Seminar: Superior Performance of Machine Learning Algorithms in Metabolic Equivalent (MET) Predictio
Supervisor: Dr. Daniel Fuller
Superior Performance of Machine Learning Algorithms in Metabolic Equivalent (MET) Prediction Using Cell Phone Accelerometer Data
Department of Computer Science
Friday, November 1, 2019, 1:30 p.m., Room EN 2022
Introduction: Physical activity has a significant impact on public health. Accelerometry, using the human body’s acceleration data, can assist researchers in measuring physical activity at the population level. In this study, we use machine learning algorithms and feature engineering techniques to classify physical activity from smartphone accelerometer data.

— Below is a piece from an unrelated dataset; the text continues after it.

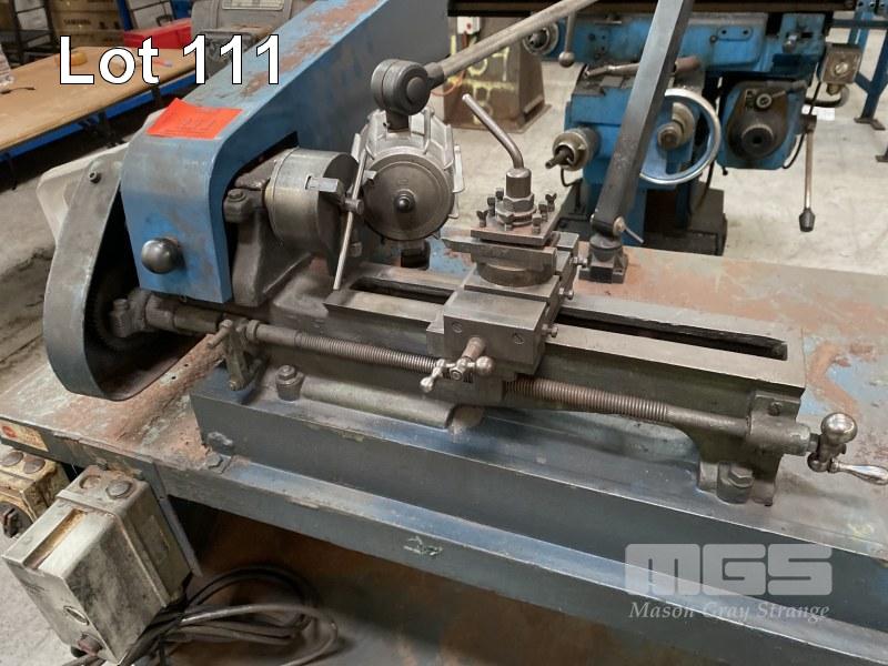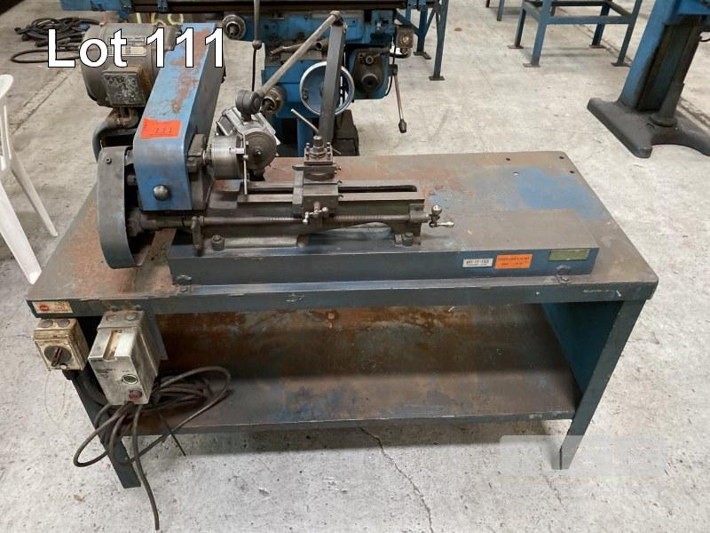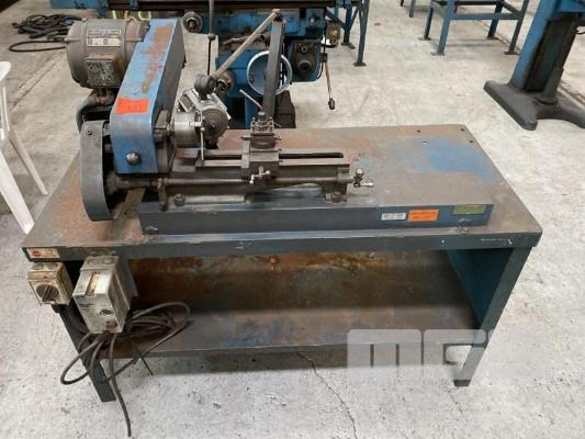HARDINGE MINATURE BENCH LATHE, 400mm BED APPROX, 150mm SWING, 80mm 3 JAW CHUCK, 415v, WITH VERTICAL POWER FEED, 4 WAY TOOL POST
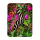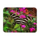 La Mariposa Zebra Longwing. (Heliconius Charithonia (Linnaeus). Mariposa Estatal de Florida. Una de las mariposas más bellas. Con sus alas alargadas negras, rayas blancas. Vuelan con gracia. Su planta anfitriona es la flor violeta de la pasión. Se comen las hojas y el polen. El polen les ayuda a vivir más que la mayoría de las mariposas. Meses. Las mujeres plantan sus huevos amarillos en las hojas. Este está obteniendo néctar de una flor rosa de lantana. ¡Hermosa fotografía en los imanes de mi tienda! Copyright Fotografía de Deborah Carr.

Methods: We recruited forty-eight participants to complete a series of activities while carrying a Samsung phone in their right pocket. They were asked to sit, lie down, walk, and run (running at a 3 Metabolic Equivalents of Task (METs) pace, 5 METs pace, and at 7 METs pace). Their physical activity intensity levels were measured using indirect calorimetry, a metabolic cart. Ethica Data, a smartphone app collected raw accelerometer data. We wrote, deployed, and used an R package, activityCounts, to calculate activity counts from the raw accelerometer data. We expanded the feature domain by generating new features based on the raw accelerometer data and activity counts. R(version 3.6) was also used for data processing, data cleaning, and modelling. We compared the performance of several machine learning algorithms; Random Forest, Support Vector Machines, Naïve Bayes, Linear Discriminant Analysis, and K-nearest Neighbours using the caret package.
Results: Using the raw accelerometer data and the features created based on them leads to high
accuracy and validity. Random Forest models had the best performance among all machine learning algorithms and achieved an accuracy of 92.9% with an area under the receiver operating characteristic curve (ROC) of 0.99.
Conclusion: Our results suggest that using smartphones to measure physical activity is accurate and reliable. Machine learning algorithms such as Random Forest with the help of feature generation techniques can accurately classify physical activity intensity levels in laboratory settings.